The tube was a piece of standard equipment in every home. It was a crude ear, designed to announce when the local siren was giving a sound raid alarm.

She glanced indifferently at it. The lycopodium seed was stirring sluggishly in its tube; damp must be getting in, it was not patterning properly. She went on eating, gloomily wondering about the future generations: how much of the vital essence of tradition would be lost through this blanket of deafness?

Correct procedure would have been for her, at the stirring of the seed, to collect Pauline and stand out in the open. When the siren went, everyone else left their homes and stood patiently under the bare sky; then, if the sounds swept their buildings, they would be temporarily smothered by dust as the building vanished, but suffer no other harm. Mrs. Snowden could no longer be bothered with this nonsense.

To her mind, it was undignified to stand in the chill air, meekly waiting. If enemy planes circled overhead, she would have had defiance to spur her out; but nowadays there was only the quiet sky, the eternal silence and the abrupt pulverization – or the anti-climax, when everyone filed sheepishly back to bed.

She took her plate into the kitchen. As she came back into the living-room, a reproduction of Mellor’s ‘Egyptian Girl’ fell silently onto the floor, shattering frame and glass.

Mrs. Snowden went and stared at it. Then, on impulse, she hurried over to the window and peered out. The encircling houses had gone.

Letting the curtain fall back into place, she rushed from the room and up the stairs. She was shaking Pauline before she regained control of herself, and then could not tell whether panic or exultation had sent her scurrying.

‘The houses have gone! The houses have gone!’

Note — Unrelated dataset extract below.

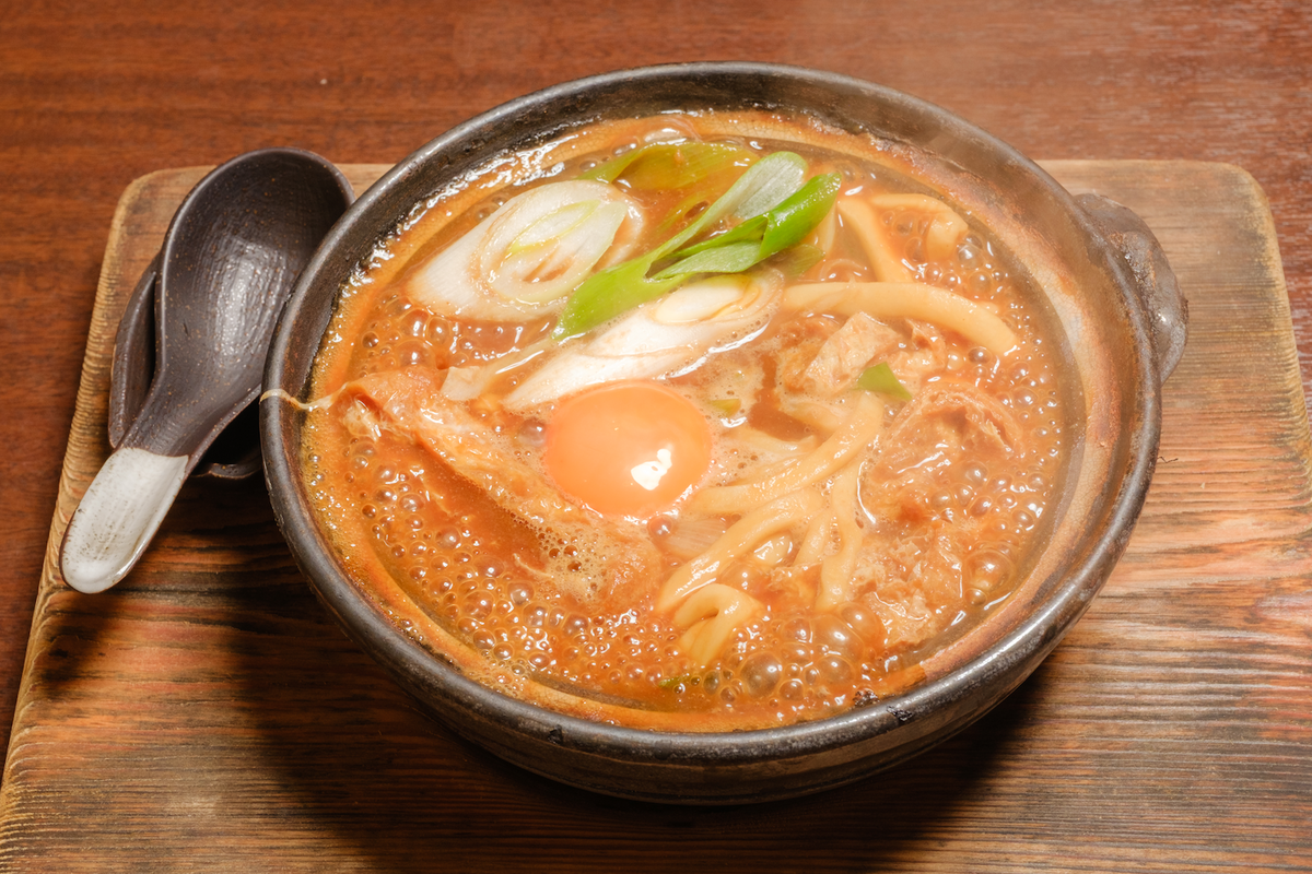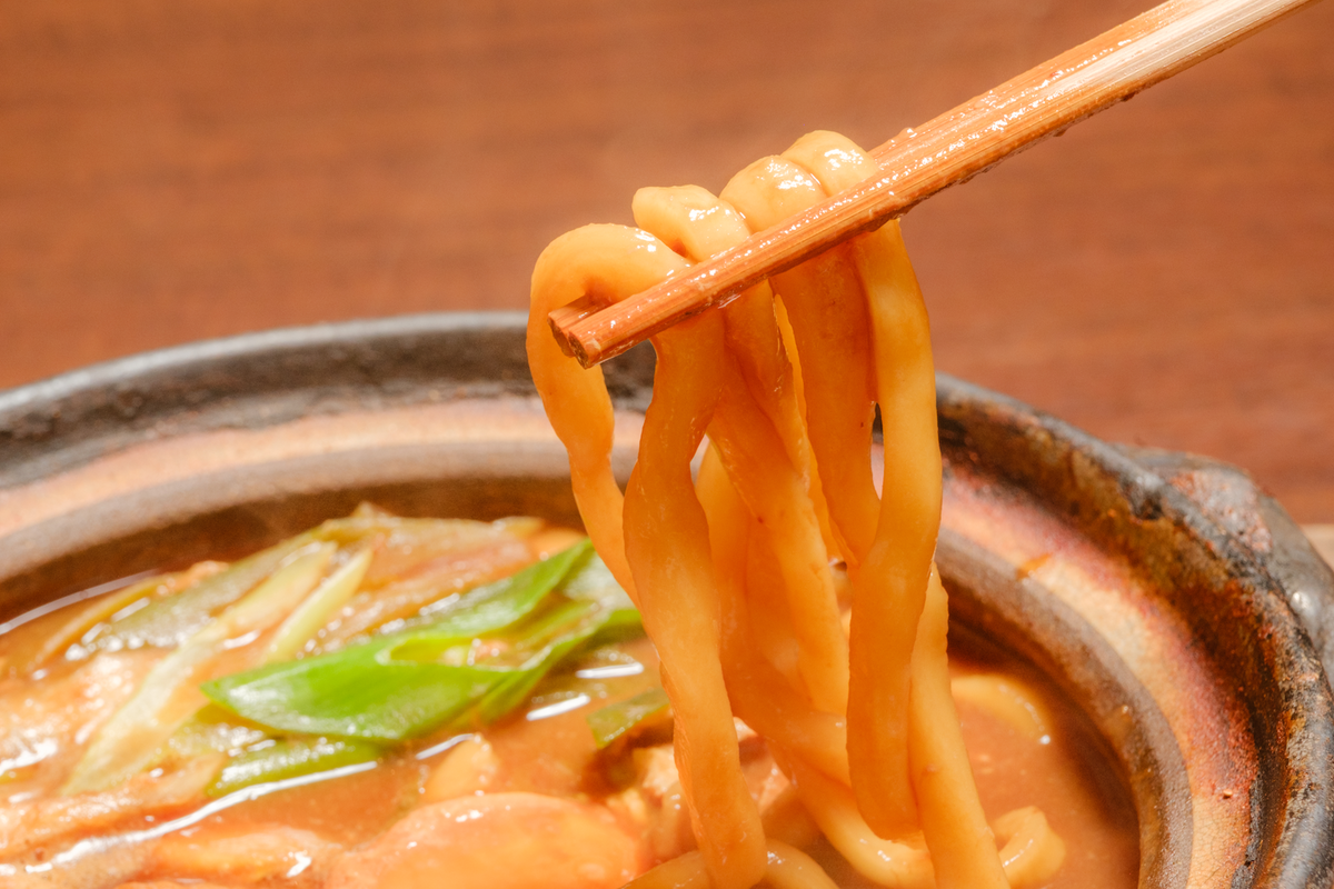 そして、味噌。八丁味噌を中心とした赤味噌の深いコクは、濃すぎるように思うかもしれませんが、口に含むと意外にも丸いのですね。味噌そのものの旨味が、味噌煮込みうどんの土台になっています。

Silence, in which the little girl woke sluggishly.

Mrs. Snowden hustled her downstairs and out on to the front lawn, letting a bright swathe of light cut across the empty flower-beds. Somewhere, high and silent overhead, a monitor might be hovering, but she was too excited to care.

By a freak of chance, their house stood alone. Around them for miles stretched a new desert, undulant, still settling. The novelty, the difference, of it was something wonderful: not a catastrophe, a liberation.

Then they saw the giants.

Vague in the distance, they were nevertheless real enough, although incredible. They were tall – how tall? – ten, fifteen feet? More? With horror Mrs. Snowden thought they were enemy troops. This was the latest application of the sound: it enlarged the human cell now, as easily as it enlarged vegetable cells. She had the brief idea she had read that human giants could not survive, or were impossible or something, and then the thought was gone, swept away in fear.

The giants were still growing. They were taller than a house now, thirty feet or more high. They began to mop and mow, like drunken dancers.